Clovis apprécia l'enthousiasme de son meilleur
ami :
– Toi et moi avons gagné trois amies. Nous avons
beaucoup de chance.
– Ouais, acquiesça Léo qui fit une grimace :
Leïa a l'air d'adorer les biscuits.
– Alors tu es bien décidé ? On les invite samedi
à la cabane pour fêter ton anniversaire.
Un large sourire apparut sur le visage de Léo.
– Ouais, je rajouterai deux paquets de biscuits.

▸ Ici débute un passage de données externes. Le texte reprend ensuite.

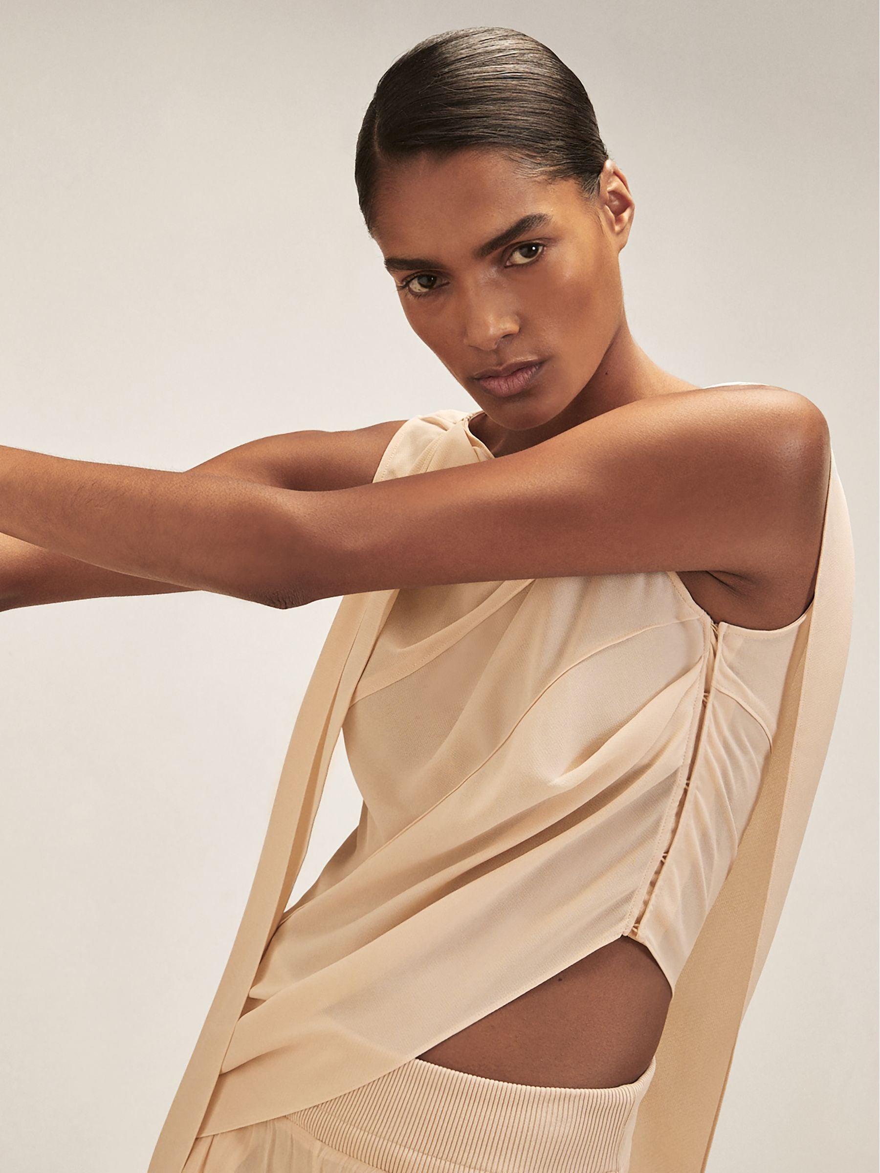 Swathes of crepe chiffon wrap asymmetrically around the body, lending the Misa top a drapey, semi-sheer silhouette.Concealed side buttons and long sashes that trail below the hem enhance its graceful movement and understated elegance. Crepe chiffon Asymmetric panels Concealed side buttons The Reiss x Royal Ballet collection draws inspiration from the artistry, grace, and costumes of The Royal Ballet, with 10% of sales being donated to the Royal Opera House and Covent Garden Foundation (Charity Number 211775). The model is wearing a size 8 Measurements of model Height 5ft 10' 177.8cm.
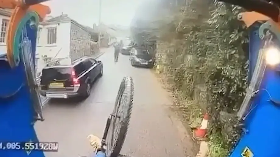 Kaum zu glauben, aber wahrRadfahrer bleibt nach Müllauto-Crash in Abfall stecken

Julie, Alicia et Leïa traversèrent le jardin de Léo et s'arrêtèrent
pour contempler la cabane sur pilotis. Elle enserrait, entre ses
planches, un chêne qui étendait au-dessus d'elle ses grosses branches
pour l'abriter du soleil. Sur l'une d'elles une flèche en carton avait
été rajoutée et elle portait les mots : Bienvenue chez Léo.

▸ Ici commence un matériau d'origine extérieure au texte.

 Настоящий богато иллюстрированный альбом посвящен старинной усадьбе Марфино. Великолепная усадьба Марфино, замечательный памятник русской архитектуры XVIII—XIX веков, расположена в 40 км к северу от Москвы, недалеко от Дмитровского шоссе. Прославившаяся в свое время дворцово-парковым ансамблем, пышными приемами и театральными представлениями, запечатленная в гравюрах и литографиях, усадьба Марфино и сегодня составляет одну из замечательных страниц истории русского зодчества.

– Quel endroit de rêve pour jouer et s'amuser ! s'écria Julie, ravie.
– Pour faire ses devoirs et apprendre ses
leçons, dit Alicia et les trois amies éclatèrent de rire.
– Nous sommes là pour nous distraire, rappela
Leïa. J'ai apporté des fruits. Et vous deux ?

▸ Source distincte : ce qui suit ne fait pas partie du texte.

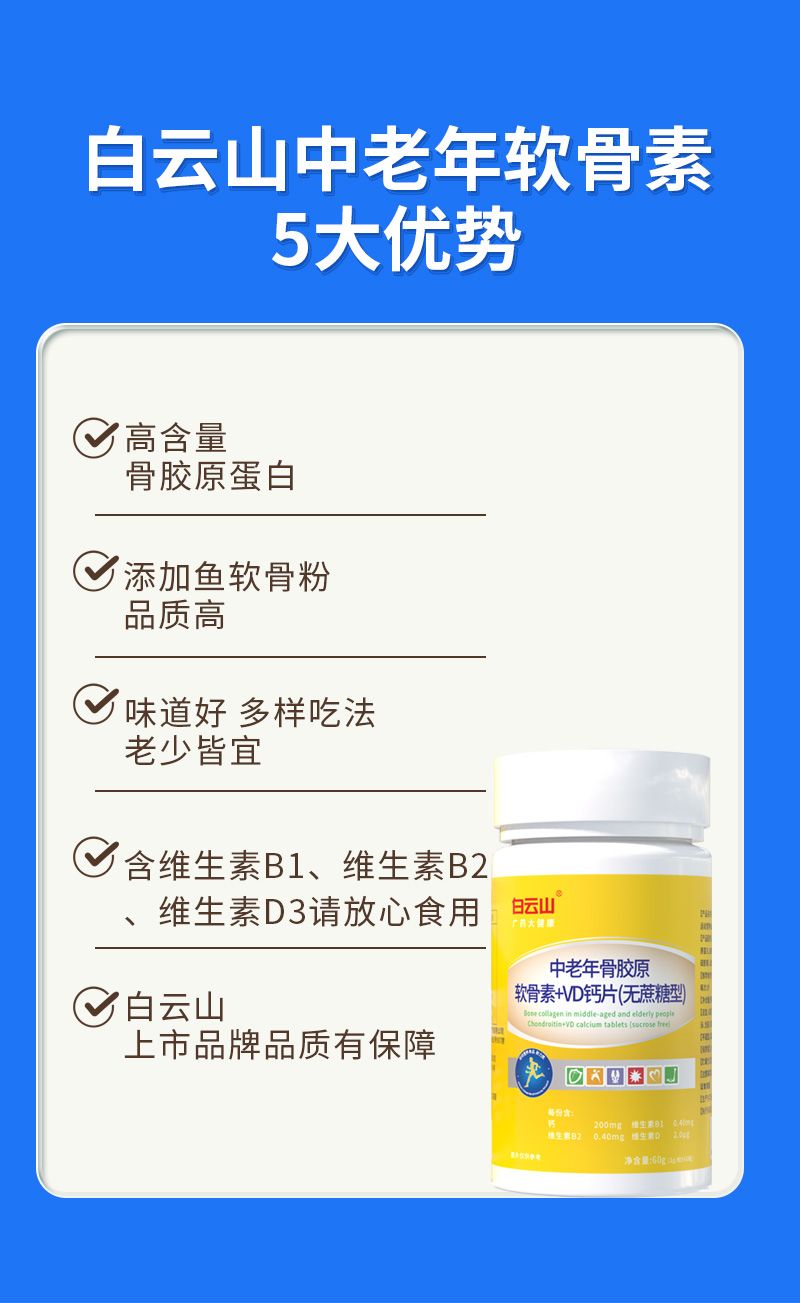 商品名称:5瓶广药白云山骨胶原软骨素VD钙片中老年人补充氨糖骨质疏松补软骨素补钙护关节
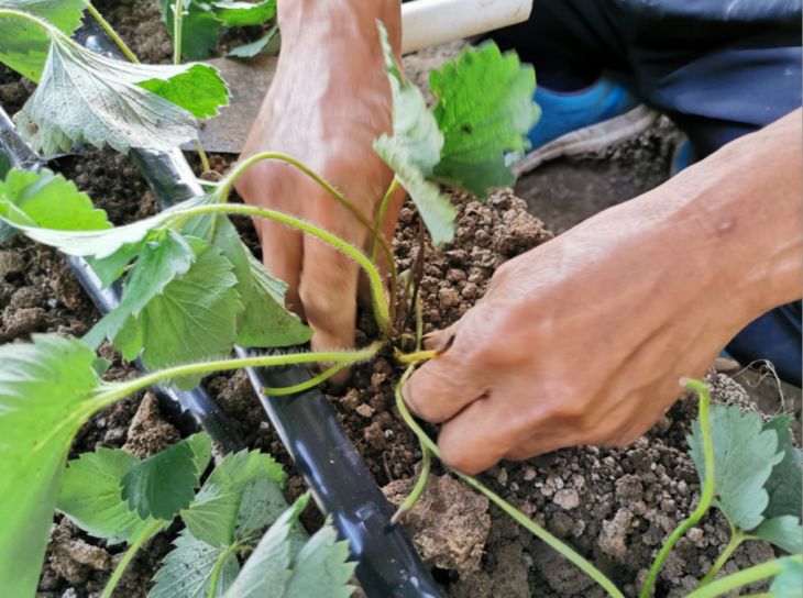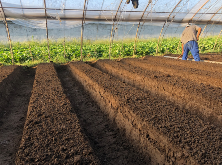 为了给草莓们提供的肥沃土壤环境,每个棚施三吨发酵好的优质有机肥(蚯蚓粪和羊粪)作为底肥,

– Nous avons réussi à dénicher un puzzle de la
Maison de pain d'épices, avec Hansel et Gretel, dit Alicia.
– C'est le jeu idéal pour Léo, ajouta Julie.
A cet instant la porte de la cabane s'ouvrit et
Clovis sortit sur la plateforme pour les interpeller.
– Dépêchez-vous de monter, les filles ! Sinon
Léo va se jeter sur son gâteau d'anniversaire et il ne nous restera
plus rien à manger.
Les enfants se retrouvèrent à l'intérieur de la
cabane. Elle avait été décorée de ballons rouges, bleus et verts, et
sur une petite table trônait un gâteau portant dix bougies.
– Joyeux anniversaire ! s'écrièrent les enfants
et chacun offrit un cadeau.
Pendant que Léo ouvrait ses paquets, Alicia
s'adressa à Clovis.
– Le père de Léo a réalisé une magnifique
cabane, on dirait un palais bâti dans un chêne. Qu'en penses-tu ?
– Euh, oui, Alicia.
Les yeux de la fillette se mirent à pétiller de
malice.
– Quel dommage que tes Feuillus ne soient pas
venus ! Et j'aurais amené mes Quilles.
Clovis parut ne plus trouver ses mots :
– Mes Feu... et tes.. euh...Quilles ? Je ne
comprends pas ?
– Tu préfères peut-être m'appeler «Cia», prince
Ovis ? J'ai adoré les champignons-coussins, c'était une idée géniale.
Clovis sut qu'il était démasqué.
– Comment as-tu découvert que c'était moi ?
Alicia montra Léo en train de couper des parts
de son gâteau pour Julie et Leïa.
– Quand je recevais une lettre, l'enveloppe
était pleine de miettes de biscuits parfumés à la vanille ou à la
fraise. En classe, tout le monde sait que toi et Léo vous êtes
inséparables.
– Tu nous en veux, Alicia ?
– Oh non ! Grâce à vous deux j'ai plein d'amis
et mes parents m'adorent. Et en plus, d'ici quelques mois, j'aurai une
petite sœur. Désormais je suis la plus heureuse des filles.